In der übernatürlichen Erkenntnisordnung geht es also um die Glaubenseinsicht, die – gestützt auf die dem supranaturalen göttlichen Wirken zuzurechnende Offenbarung – die von Gott erschlossenen Heilsmysterien bejahend anerkennt. Der „Glaube“ im engeren Wortsinn6 ist nach dem Zweiten Vaticanum dabei der „volle Gehorsam des Verstandes und des Willens“ gegenüber dem offenbarenden Gott (DH 3008) und definiert sich durch die Annahme des von Gott Geoffenbarten als „wahr“ (DH 3008) – ein Anerkennungsvorgang, der sich jedoch stets aufgrund „der Autorität des offenbarenden Gottes“ und nicht etwa auf Basis „der vom natürlichen Licht der Vernunft durchschauten inneren Wahrheit der Dinge“ (DH 3008) vollzieht. Es bedarf kaum der Erwähnung, dass dieser eigentliche, heilsrelevante Glaube nach Dafürhalten des Ersten Vaticanums grundsätzlich nicht ohne den Beistand der göttlichen Gnade zustande kommen kann (DH 3010); und dies gilt, wie in antihermesianischer Stoßrichtung festgehalten wird,7 sowohl für das, was im Rückgriff auf Gal 5,6 als fides (viva), quae per charitatem operatur oder fides charitate formata8 bezeichnet wird, als auch für die nicht von den anderen theologalen Tugenden Hoffnung und Liebe begleitete fides sterilis,9 also den bloßen Zustimmungsglauben (vgl. DH 3010).

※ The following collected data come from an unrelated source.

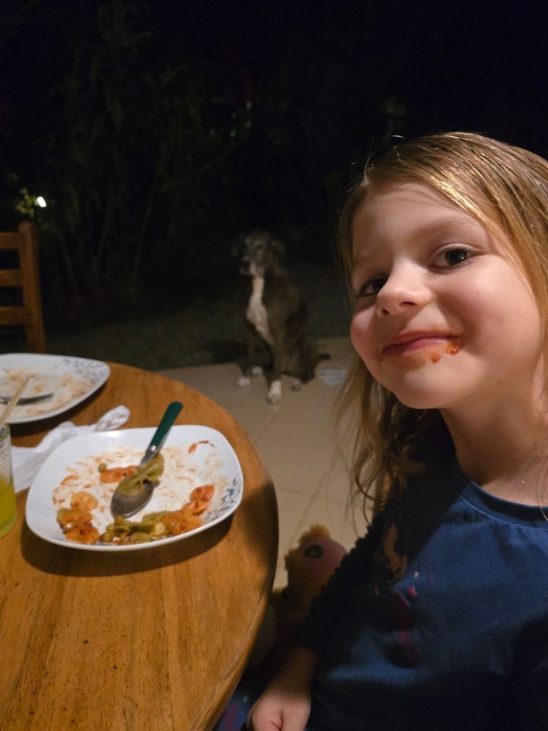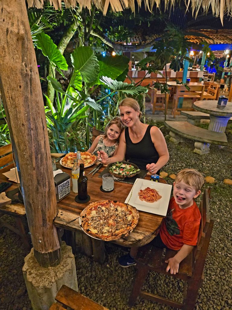 An unserem letzten Abend in Puerto Viejo haben Mama und Papa entschieden nicht selber zu kochen, sondern essen zu gehen. Also gab es für uns heute Abend leckere Pizza und Nudeln (für insgesamt ca. 85€…)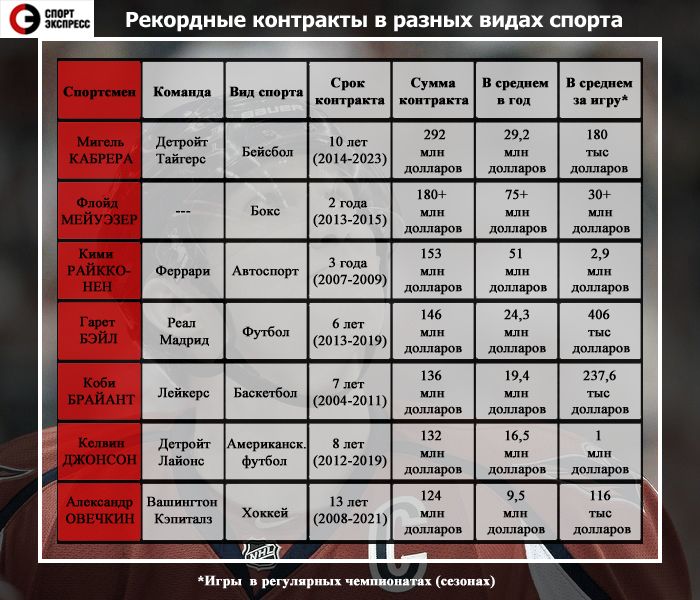 Рекордные контракты звезд мирового спорта: от Брайанта до Овечкина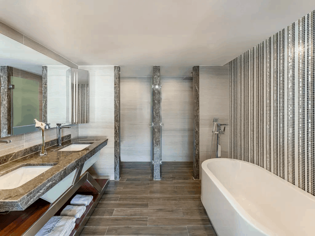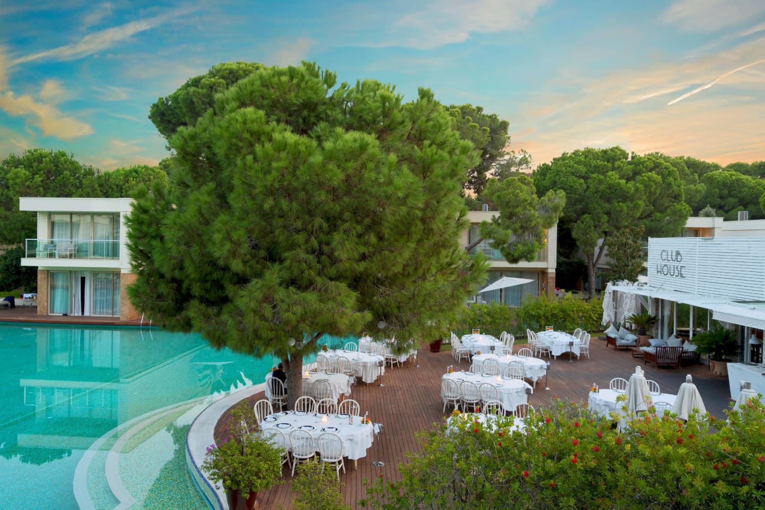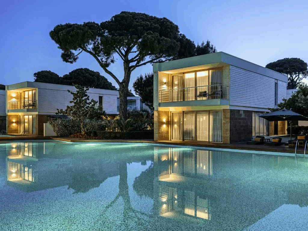 28 двухуровневых Club Villa с отдельным общим бассейном (на первом уровне: гостиная с обеденной зоной и кухней, спальня для няни c дверью, ванная с душем, терраса; на втором уровне: 2 спальни с дверью, 2 ванные комнаты: одна из них с ванной; терраса, отдельный павильон на пляже, 4 ТВ, макс. 5+2 чел., 164 м2).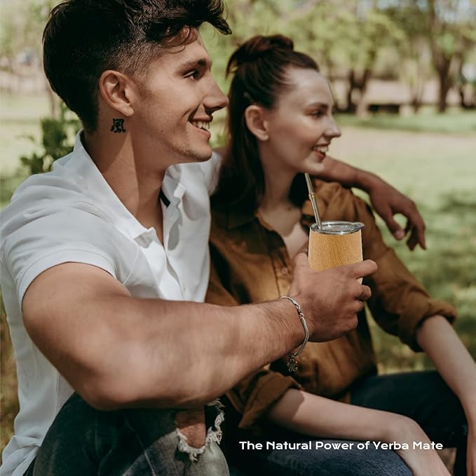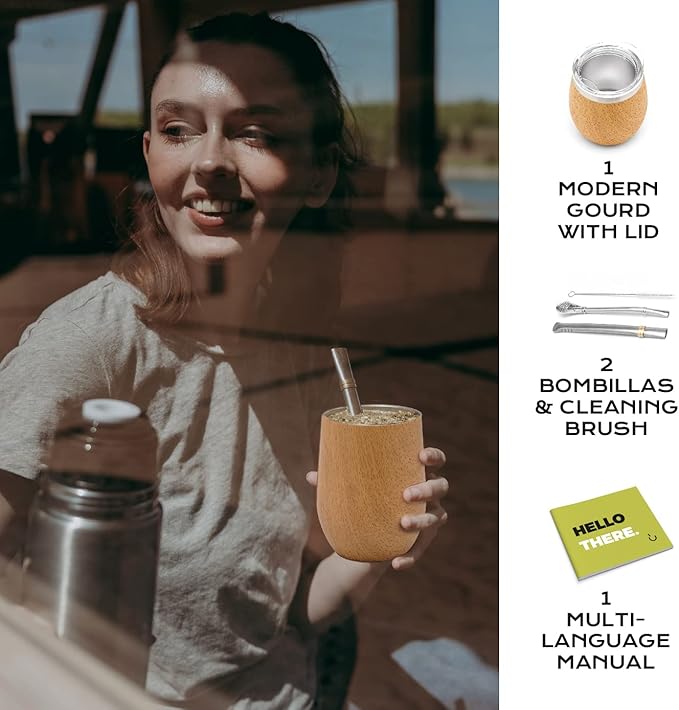 BALIBETOV 5 pcs large Yerba Mate Cup and Bombilla Kit, Includes one 12 oz Yerba Mate Gourd with Lid, Two Bombillas Mate Straw and one cleaning brush | Stainless steel | Double Walled

Die praeambula fidei als Gegenstand der zweiten, der natürlichen Erkenntnis zeichnen sich hingegen dadurch aus, dass sie im Licht der natürlichen Vernunft und ohne unmittelbaren göttlichen Beistand wie etwa die übernatürliche Offenbarung oder das Gnadenlicht zugänglich sind. Freilich betrachtet das Konzil auch diese „natürliche“ Erkenntnis als eine in die von Gott errichtete Heilsökonomie eingeordnete Gegebenheit: Sie ist erst qua Schöpfung ermöglicht und somit prinzipiell als „vernehmende[s] Erkennen“10 zu verstehen; und auch eine Deutung, die in dieser natürlichen Erkenntnis das unthematische Fortwirken einer Uroffenbarung am Werk sieht, kann gerade angesichts der unter den Konzilsvätern verbreiteten Befürwortung eines schwachen Traditionalismus11 wenigstens nicht als ausgeschlossen gelten. Eine aktual übernatürliche Hilfe beim Zustandekommen dieser Erkenntnis wird aber nicht angenommen. Und im Zentrum des konziliaren Verständnisses dieser natürlichen Erkenntnisordnung – wie wohl übrigens auch der Rezeption von Dei filius – steht nun die Aussage, dass Gott als Ursprung und Ziel der Dinge aus der Schöpfung „gewiss“ erkannt werden kann (certo cognosci posse, DH 3004, vgl. DH 3026). Ob und inwieweit das Erste Vaticanum – einer verbreiteten Deutung entsprechend12 – mit dieser Formulierung jedoch tatsächlich eine Beweisbarkeit Gottes im strengen Begriffssinne definiert hat, bleibt zu prüfen.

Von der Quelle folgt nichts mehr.